Any \(a \in A\) can be thought of as a function \(\{1\} \xrightarrow{a} A\)
Suppose \(A\) is a partitioned set and \(P,Q\) are two partitions such that for each \(p \in P\) there exists a \(q \in Q\) with \(A_p=A_q\)
Show that for each \(p \in P\) there is at most one \(q \in Q\) such that \(A_p = A_q\)
Show that for each \(q \in Q\) there is a \(p \in P\) such that \(A_p = A_q\)
Suppose \(q' \ne q\). If they are both equal to \(A_p\) then they are equal to each other, but a partition rule is that \(q' \ne q\) must have an empty intersection (and \(A_p\) cannot be empty by the other rule).

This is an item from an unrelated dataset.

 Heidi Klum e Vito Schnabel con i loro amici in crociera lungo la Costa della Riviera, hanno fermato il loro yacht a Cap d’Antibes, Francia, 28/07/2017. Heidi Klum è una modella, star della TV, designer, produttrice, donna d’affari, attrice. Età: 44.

By part 1, the mapping between part labels is a bijection, so there is an inverse map as well.
Finish proof Proposition 1.19. Suppose that \(\sim\) is an equivalence relation on a set A, and let P be the set of \(\sim\)-closed and \(\sim\)-connected subsets.

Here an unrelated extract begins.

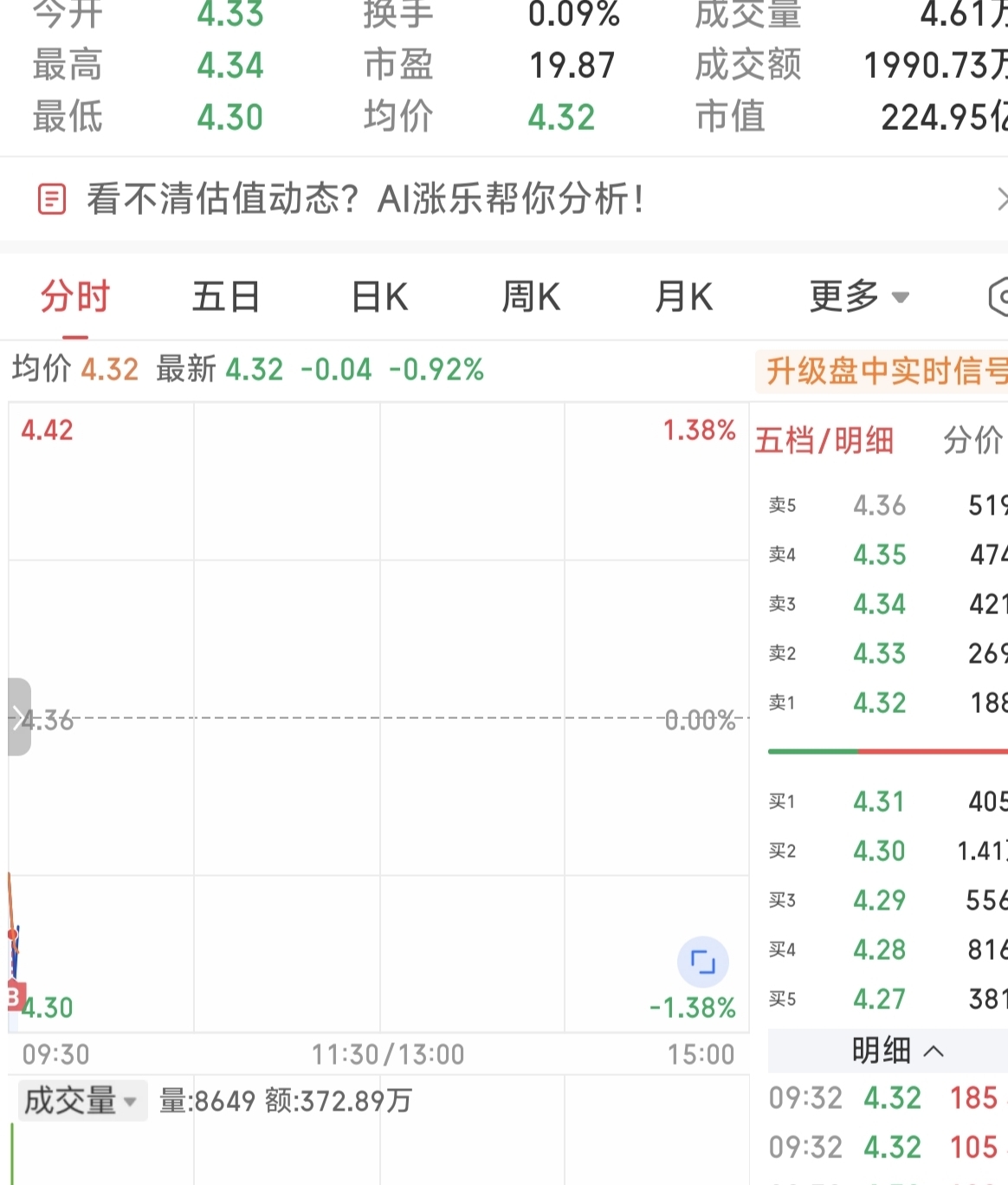 昨天4.37减了半仓,今天分批次慢慢拾回

Show that each part \(A_p\) is nonempty
Show that \(p \ne q \implies A_p \cap A_q = \varnothing\)
Show that \(A = \bigcup_{p \in P} A_p\)
Part of the definition of \(\sim\)-connected is being nonempty
Suppose \(a \in A\) is in the intersection. Then \(a \sim p\) and \(a \sim q\) for some elements \(p \not\sim q\) arbitrarily selected from \(A_p, A_q\). But this is impossible because \(\sim\) is transitive, so this must be impossible.
Every \(a \in A\) is part of some equivalence class which is a \(\sim\)-closed and \(\sim\)-connected set, so \(A \subseteq \bigcup_{p \in P} A_p\)

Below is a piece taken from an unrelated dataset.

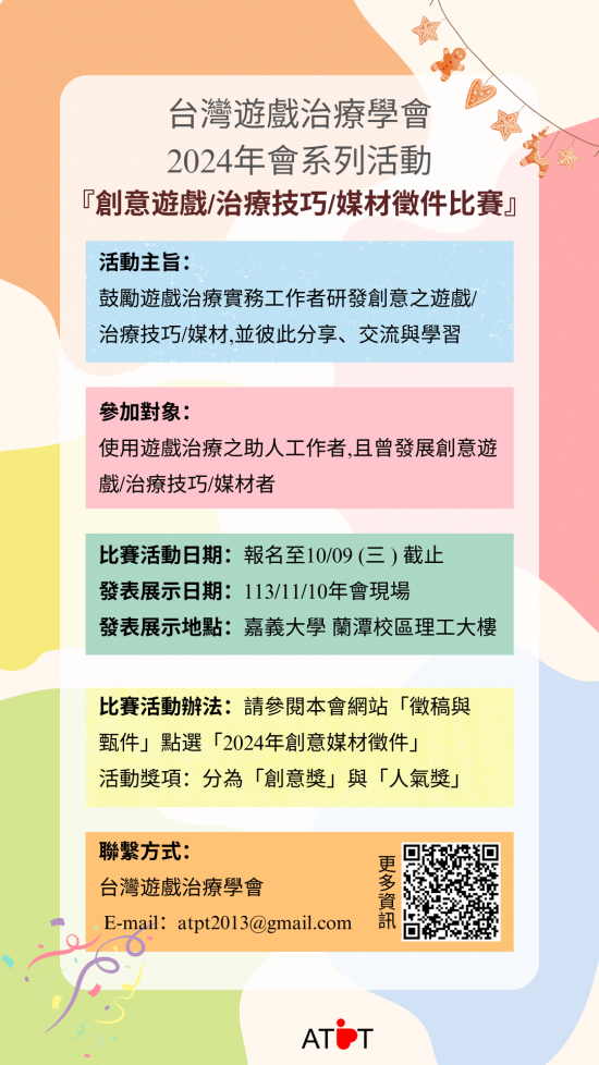 主旨:本會將於 113 年 11 月 10 日舉辦 2024 台灣遊戲治療學會年會暨「性創傷-遊戲評估、介入與療癒」學術研討會/專業工作坊,相關系列徵選活動已延長徵件日期。詳情如說明及附件,敬請貴單位協助張貼宣傳與鼓勵貴單位相關人員參加。

The equivalence class is \(\sim\)-closed because two elements being \(\sim\)-related implies they are in the same equivalence class.
The equivalence class is \(\sim\)-connected because equivalence classes are nonempty and the equivalence relation is transitive.
The constituents of \(A_p\) were defined to be subsets of \(A\), so unioning these will also be a subset of \(A\), i.e. \(\bigcup_{p \in P} A_p \subseteq A\).
Therefore \(A = \bigcup_{p \in P} A_p\).
A function from \(S\) to \(T\)
A relation \(F \subseteq S \times T\) such that \(\forall s \in S:\ \exists! t \in T:\ (s,t) \in F\)
The preimage of an element \(t \in T\) is \(\{s \in S\ |\ F(s)=t\}\)
\(\hookrightarrow\) Injectivity: \(s\ne s' \implies F(s)\ne F(s')\)
\(\twoheadrightarrow\) Surjectivity: \(\forall t \in T:\ \exists s \in S:\ (s,t) \in F\)
\(\xrightarrow \cong\) Bijectivity: both injectivity and surjectivity.
A partition of set \(A\)
A set \(P\) (‘part labels’) and, for each \(p \in P\), a nonempty subset (‘pth part’) \(A_p \subseteq A\) such that:
\(A = \bigcup_{p \in P}A_p\)
\(p \ne q \implies A_p \cap A_q = \varnothing\)
Two partitions are considered the same if the partitioned groups are the same, the labels don’t matter.
There is a bijection between ways to partition a set \(A\) and the equivalence relations on \(A\)
Every partition gives rise to a distinct equivalence relation
Define \(a \sim b\) to mean \(a,b\) are in the same part. This is a reflective, symmetric, and transitive relation given the definition of a partition.
Every equivalence relation gives rise to a distinct partition.
Define a subset \(X \subseteq A\) as \(\sim\)-closed if, for every \(x \in X\) and \(x' \sim x\), we have \(x' \in X\).
Define a subset \(X \subseteq A\) as \(\sim\)-connected if it is nonempty and \(\forall x,y \in X:\ x \sim y\)
The parts corresponding to \(\sim\) are precisely the \(\sim\)-closed and \(\sim\)-connected subsets.
A quotient of a set under an equivalence relation.
This is equivalent to the parts of the partition associated with the equivalence relation.
A relation between sets \(X\) and \(Y\)
A subset \(R \subseteq X \times Y\).